John Joseph Benoit (December 27, 1951 – December 26, 2016) was an American law enforcement officer and politician; serving in the California State Legislature from 2002 to 2009 and the Riverside County, California Board of Supervisors from 2009 to 2016.

Personal life, education, and career
Born in Kankakee, Illinois, Benoit graduated from Notre Dame High School in Riverside, California, and went on to earn an Associate degree at Riverside Community College in 1974. In 1978, he earned a Bachelor's degree from California State University, Los Angeles, and in 1986 he graduated from the FBI National Academy.  Benoit earned a Master of Public Administration from California State University, San Bernardino, in 1993.
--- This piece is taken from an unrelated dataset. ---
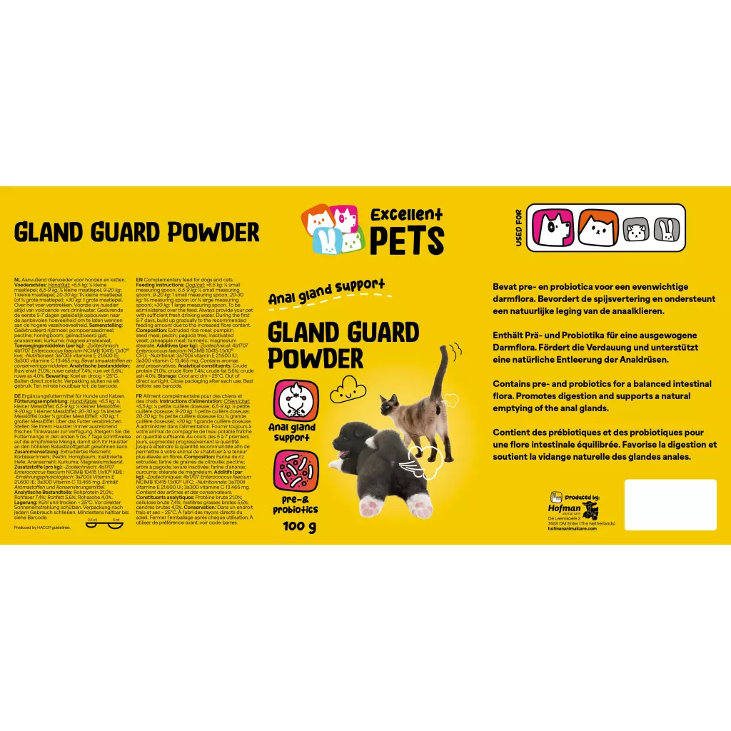 Excellent Pets Gland Guard Pulver ist ein Ergänzungsfuttermittel für Hunde und Katzen in Pulverform. Es enthält Präbiotika und Probiotika, die die natürliche Entleerung der Analdrüsen unterstützen und zu einer gesunden Verdauung sowie einer ausgewogenen Darmflora beitragen.
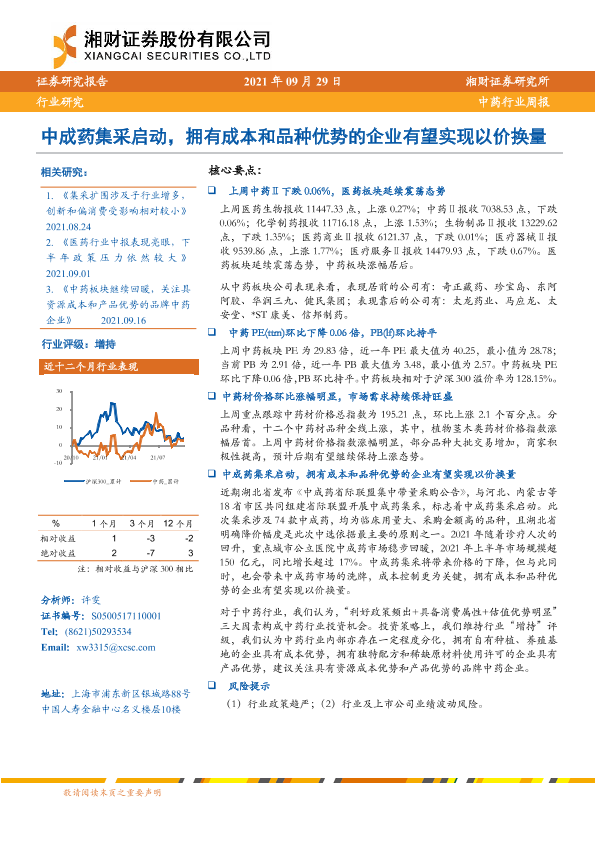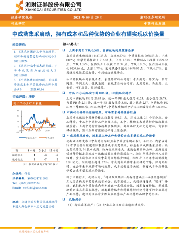 【湘财证券】【20210929】20210929-湘财证券-中药行业周报:中成药集采启动,拥有成本和品种优势的企业有望实现以价换量-11页

Benoit's law enforcement career spanned 31 years including two years with the Corona, California Police Department, and twenty-nine years with the California Highway Patrol. Benoit served as a member of the Desert Sands Unified School Board from 1999 to 2002. From 2002 to 2008 Benoit served as a Republican Party representative in the California State Assembly, and then served in the California State Senate in 2009. Benoit resigned from the California Senate on November 30, 2009, to serve on the Riverside County, California Board of Supervisors where he served from 2009 until his death in 2016.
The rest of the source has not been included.